In today's guest blog, Gransnet Editor Geraldine Bedell argues that it may not be possible or desirable for grandparents to plug the "looming care-gap crisis" - and that we need to find an alternative solution.
Read her post, and tell us what you think. Do you rely on your own parents for childcare - and would you be forced to stop work if they weren't able to help? If the retirement age increases, what can be done to fill the childcare gap?
Let us have your thoughts - and if you post on this topic, do link to your URL on the thread.
I liked Geraldine Bedell's post and I liked the comparison between the Scandinavian and the Mediterranean childcare models (Spanish grandparents are the most devoted of the lot, IME).
For me, the real, big issue is whether institutionalising our children from the earliest age is going to provide them with the emotional support to make happy, balanced adults of them. I personally have severe reservations about early and continued institutionalisation of children and for that reason alone I cannot support any sort of political system that wants all adults of sound body and mind in paid work outside the home. I think we need a significant proportion of adults of sound body and mind bringing up DC in the home. I know a lot of Scandinavians and I am not impressed with the state of their relationships, and nor are they - most of the Scandinavians I know choose to have a SAHP, because they are in a situation (living outside their home country) where that is possible.
Haven't read everything yet but am just thinking I'd rather spend my late 50's and 60's helping to raise my grandchildren than continuing in the workplace which for me would probably involve caring for other people's children in a more stressful setting, with likely higher ratio's of children (than at home). Though I may consider some further training to become a Health Visitor at some point before the grandchildren arrive ! (DD is 13 ATM and off school today with nasty cold so not likely just yet)
But I like the Spanish model of grandparents being so involved supporting the younger generations. To me work isn't the be all and end all - I'd rather turn my attention to the future as I get older, nurturing the new generation, and supporting my DD and DS on their life journey's at the same time.
My parents and PIL were long retired before dh and I chose to have a child - for whom we'd worked out childcare costs and if we could pay them.
My care crisis is not about my child, its about my parents. At 40, with a 6 year old (and a ft job), my parents are right on the very edge of coping at home. And believe me, trying to care for elderly adults with multiple health issues (sometimes they have 5 or more healthcare appointments a week) puts organising nursery or childminders into perspective!

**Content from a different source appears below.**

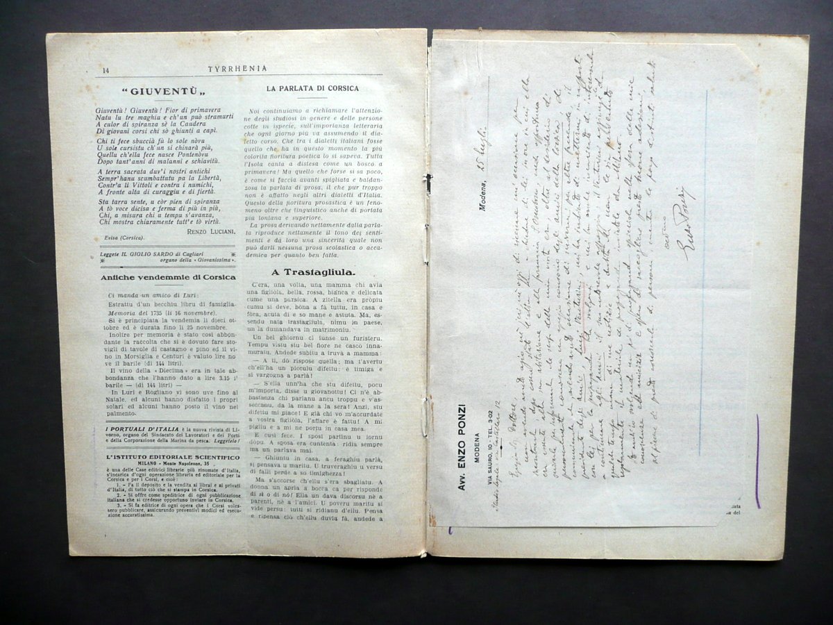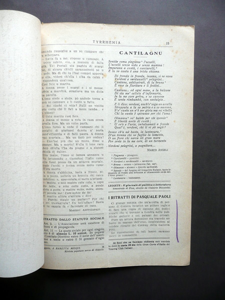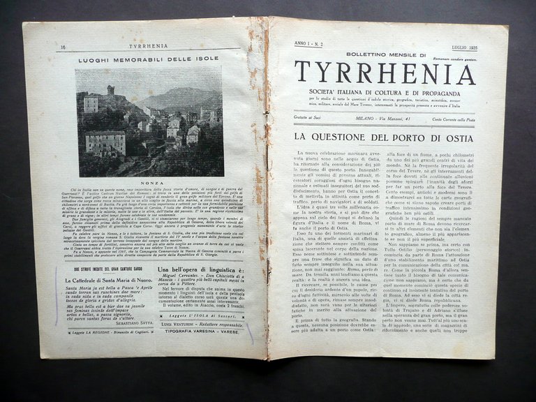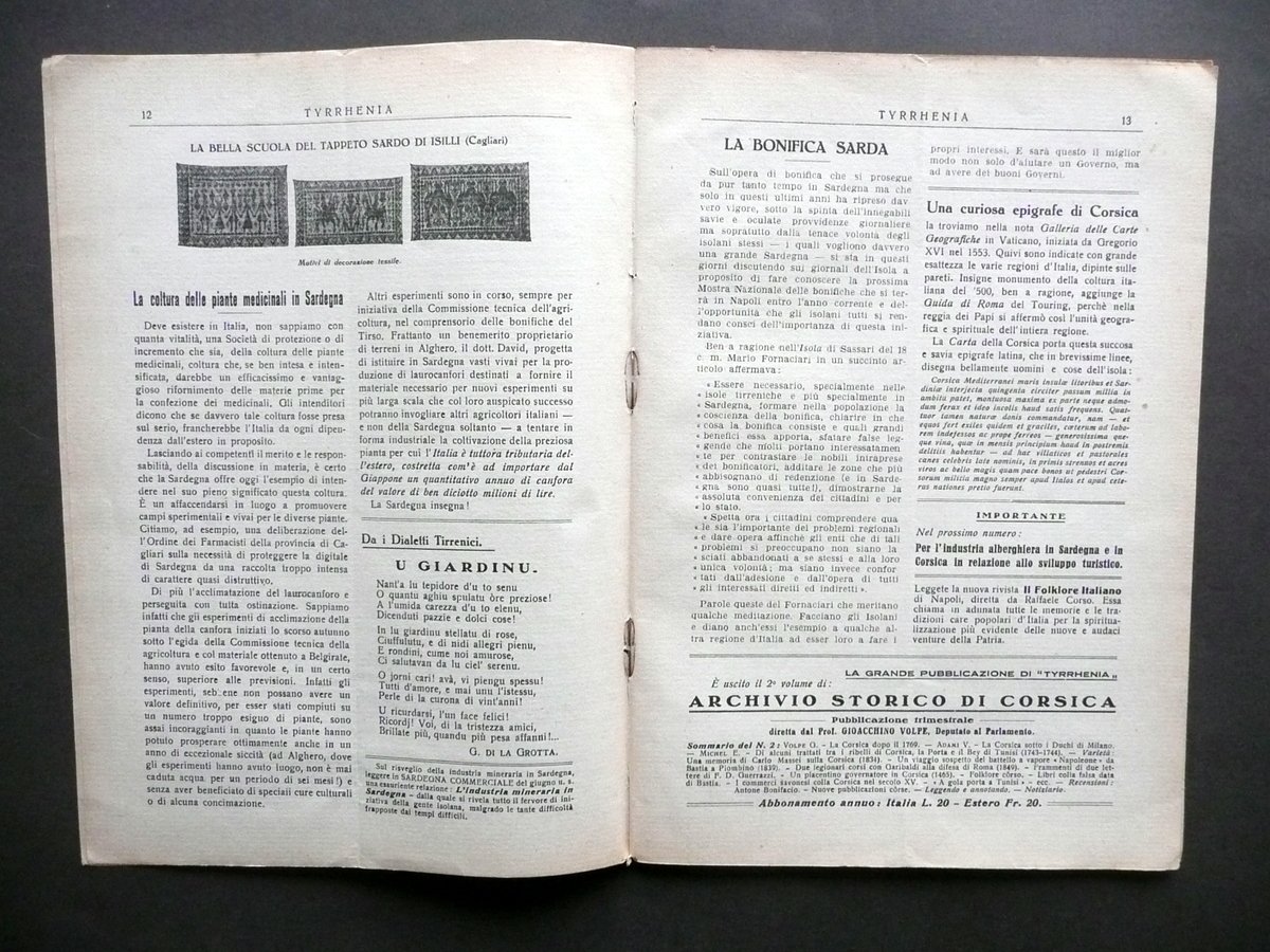 Tyrrhenia Anno I N. 2 Milano Luglio 1925 Sardegna Corsica Costa Tirreno Completo | Libri antichi e moderni |

I think a lot of women in their 50s and 60s would like to slow down a bit at work. I know plenty of women who feel or felt that their last years at work before retirement were awful - that their energy levels had dropped and that they had no time or energy for anything once work was finished. Maybe part-time care of grandchildren suits the time of life better than WOHM?
I did a child psychology module (just part of an OU undergrad degree) about 10 years ago and the statistics then indicated children under 3 cared for by grandparents did the least well of any group, in terms of educational attainment and a few other markers, children at home with a parent did narrowly better than children in formal childcare.
I would be deeply unimpressed if there were some state system in place to mean my parents or in-laws were paid to stay at home with my children but which made it financially very difficult or impossible for me to chose to do so, surely if anyone is state subsidised to stay home it should be one parent, not a grandparent, that just makes no sense at all.
A lot of grandparents are of course doubtless incredible and brilliant childcarers, but others are no longer healthy enough to look after children 5 full days a week (my own mother most certainly isn't, and she isn't even especially "old" but is no longer/ no longer considers herself strong enough to take sole charge of a toddler without roping in other adults to help her do it, and of course other parents no longer have their own parents or have such a terrible relationship with them, or live and work so far away from them, that it would be unthinkable to use them as childcare.
What would happen in a scenario where a woman (woman A) had a baby at 17, then later went on to have another at 42, and meanwhile her first baby (now in her mid 20s) had had a couple of children of her own - would the woman be paid to look after her grandchildren but be under pressure from her own mother, potentially also only in her early 60s, to hand her youngest over so that the grandmother of that child would get her stay at home opportunity!
People in their late 60s without grandchildren would presumably have to continue working, even if they'd rather be home (caring for grandchildren if they had them).
I can't see how a scheme to officially make grandparents default child-carers and force all parents back into work would ever work, on so very many different levels!
I don't think a formal scheme or subsidy is being suggested at this point MrTumbles - though more recognition of grandparents support through childcare would be good IMHO, and perhaps lead to a change in those stats you opened with ? There could be socio-economic factors at work with those in any case ?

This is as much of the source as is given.